My fiance and I have two children together, and neither one of us were brought up in a church.   We wish to get married and bring our children up in a church.  Who can we talk to and is it unlikely that a church will marry us?  Ashley

Ashley:

This is a very simple matter that can be taken care of immediately.  The Catholic Church will welcome you and your husband and be delighted to have your children be members also.  This is what a Church does.    Talk to a parish priest in your area.  He will be able to get you started as members of the Catholic Church.   You will probably be asked to take some RCIA lessons (Rite of Christian Initiation for Adults) to get you started.  The priest will also arrange a private or public marriage for you.

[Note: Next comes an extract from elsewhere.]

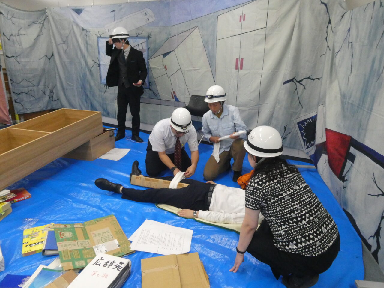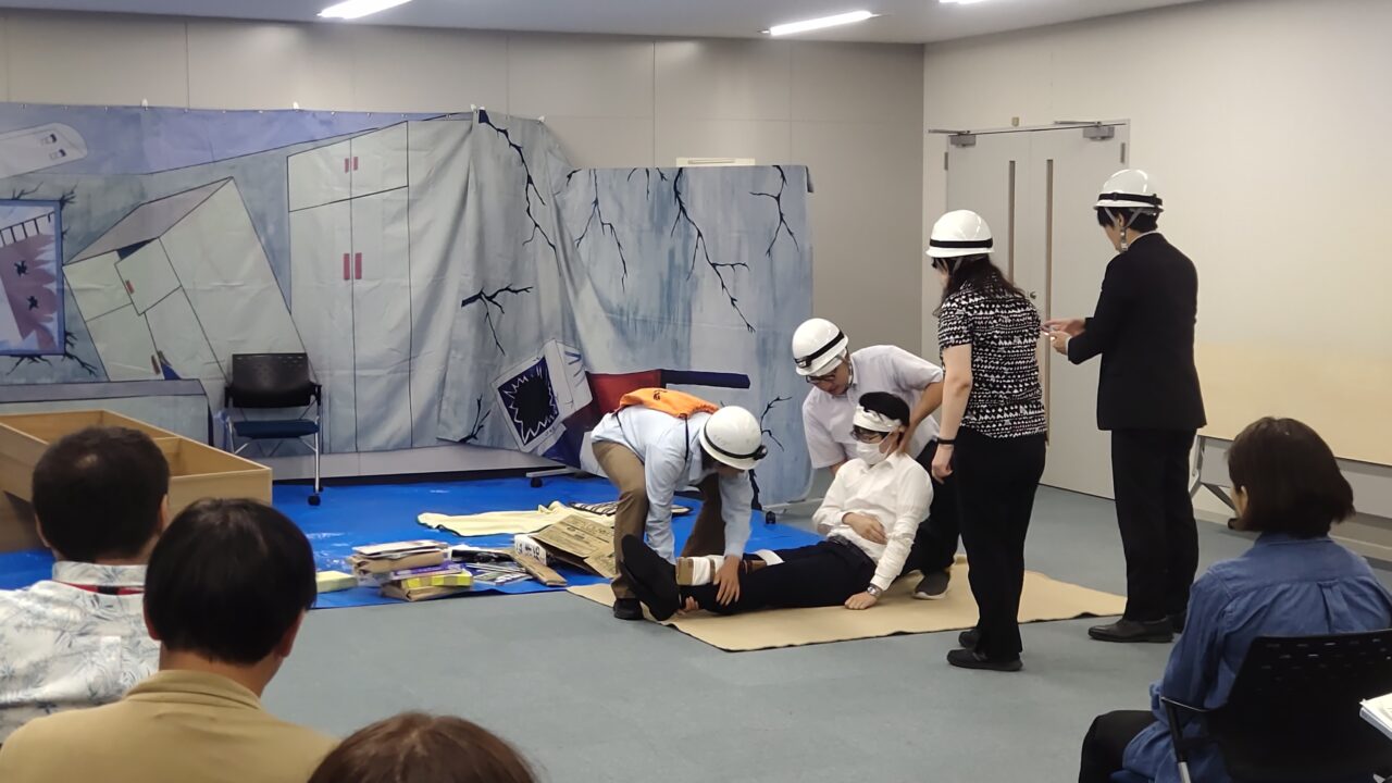 冒頭、VSCメンバーによる救出劇が行われました。災害時に必要な救出法・応急手当・搬送法を一連の流れを学ぶことができます。職場で地震が発生した場合に、その場にいる人でチームを組んで、物に挟まって身動きができなくなっている人や怪我をしている人を救出する方法を具体的にイメージすることができます。この救出劇は代々VSCメンバーが引き継いで行っているもので、今年度はVSCメンバーの熱演で特に臨場感たっぷりに災害時の緊張感が表現され、VSTメンバーはその過酷な状況に圧倒されていましたが、怪我をしている人の救出が完了した時には感動の拍手も巻き起こり、大きな実感を得る事ができたのではないかと思われます。

We look forward to having you as part of our Church family.  God bless you always.  Welcome!  Let’s get started!  – CatholicView Staff


”My husband and I got a civil divorce and he remarried
civilly.  Can we still be intimate?” – Janice



CatholicView:

My husband and I have a civil divorce after a 30 year marriage with children.  We are still considered married even though he civilly married someone else.  Since he is still my husband and his other marriage is adulterous, can he have marital relations with me because I am still considered his wife? Would it be a sin if we are still considered married in the eyes of God? – Janice

Janice:

I am saddened to hear that after 30 years of marriage, culminating in beautiful children, you got a civil divorce. You and your husband are now divorced and he has remarried civilly, although it is not recognized by the Catholic Church.

Do not allow yourself to indulge in a sexual way with your ex-husband.  As you were legally divorced, he is now legally married through the court of the law. You must respect this new union and not allow your ex-husband to enjoy privileges forbidden to both of you.  You would be committing adultery to engage in such activity.

In the meantime, please talk to your parish priest about this situation. Perhaps it is time to move on and if possible get an annulment so you will be free of this heartache and suffering. May the Lord give you the peace and the courage to keep going forward, leaving the past behind. –CatholicView Staff.